2 mars 2004 : La RATP et la SNCF procèdent par intimidation

La RATP reproche à 62 personnes qui ont dégradé volontairement les affiches publicitaires dans le métro, de ne pas avoir agi en citoyen, c’est à dire, dit-elle, en «bon père de famille». Sont également poursuivies les personnes responsables de l’hébergeur des sites des anti-pub, pour «appel à commettre des actes illégaux».

 

La RATP réclame presque un million d’euros. Les sommes sont d’ores et déjà dissuasives. Mais surtout, elle réclame une interdiction de participer à toutes manifestations anti-publicité dans le métro parisien, sous astreinte de 10.000 euros par nouvelles infractions nominatives constatées.

 

La RATP attend donc du juge civil qu’il prononce par avance une interdiction de manifester, en totale contradiction avec la liberté de manifester inscrite dans la déclaration de 1789 et dans la Convention européenne de sauvegarde des droits de l’Homme, et une condamnation financière préventive. Le juge judiciaire est donc sommé d’être le bras policier de la défense des intérêts économiques des publicitaires et de leurs vitrines, sans que jamais la RATP, ni les instances publiques en général, n’aient accepté de débattre de la légitimité de la location de l’espace public urbain, périurbain et suburbain au matraquage marchand.

 

La SNCF, quant à elle, poursuit trois revues de graffitis et un vendeur de bombes devant le tribunal de commerce de Paris et leur demande, sur le fondement de l’atteinte à l’image des wagons dont elle prétend être propriétaire, 150.000 euros chacun, et une interdiction de publier des photos de trains tagués, sous astreinte de 10.000 euros par infraction constatée.

 

Les graffeurs font leurs œuvres sur un support interdit, mais ils sont indéniablement des artistes : les photos de trains publiées en témoignent. Or la publication de ces photos ne saurait être considérée comme délictueuse du seul fait que le support de l’œuvre n’a pas été autorisé.
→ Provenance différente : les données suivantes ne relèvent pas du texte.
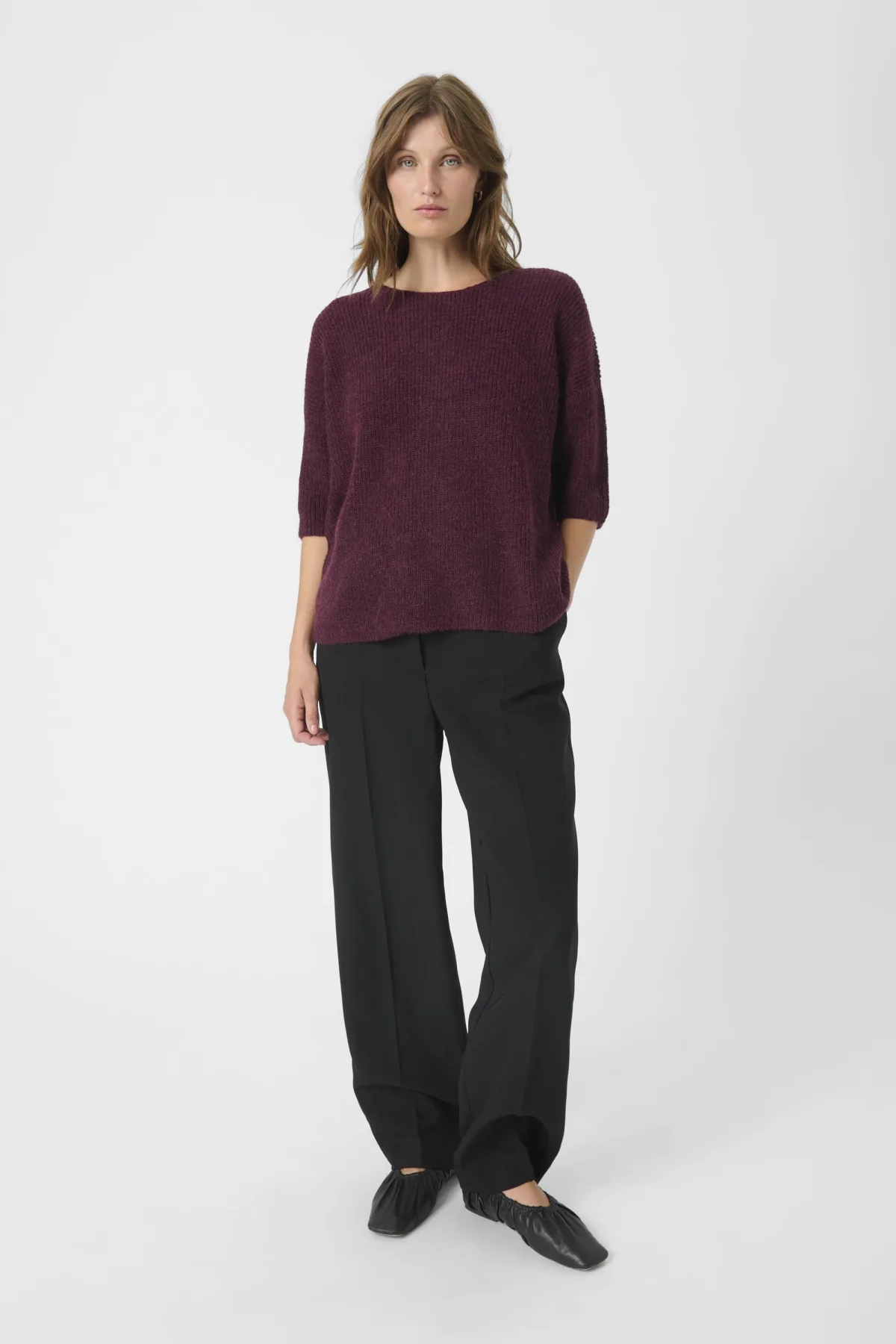 Deze gebreide trui heeft een rechte pasvorm, brede ronde hals en ellebooglange mouwen. De zachte, subtiele textuur onderstreept het minimalistische ontwerp.

Là encore, c’est la technique de l’intimidation juridique et économique dont mésuse la SNCF, en contradiction flagrante avec la liberté d’expression et le devoir d’informer des trois revues, qu’elle poursuit judiciairement.

 

La LDH dénonce l’absence de dialogue et le parti pris des services public du transport, pour imposer la publicité et poursuivre les artistes spontanés que sont les graffeurs. Elle appelle à un débat national sur la question de la présence de l’image dans l’espace public.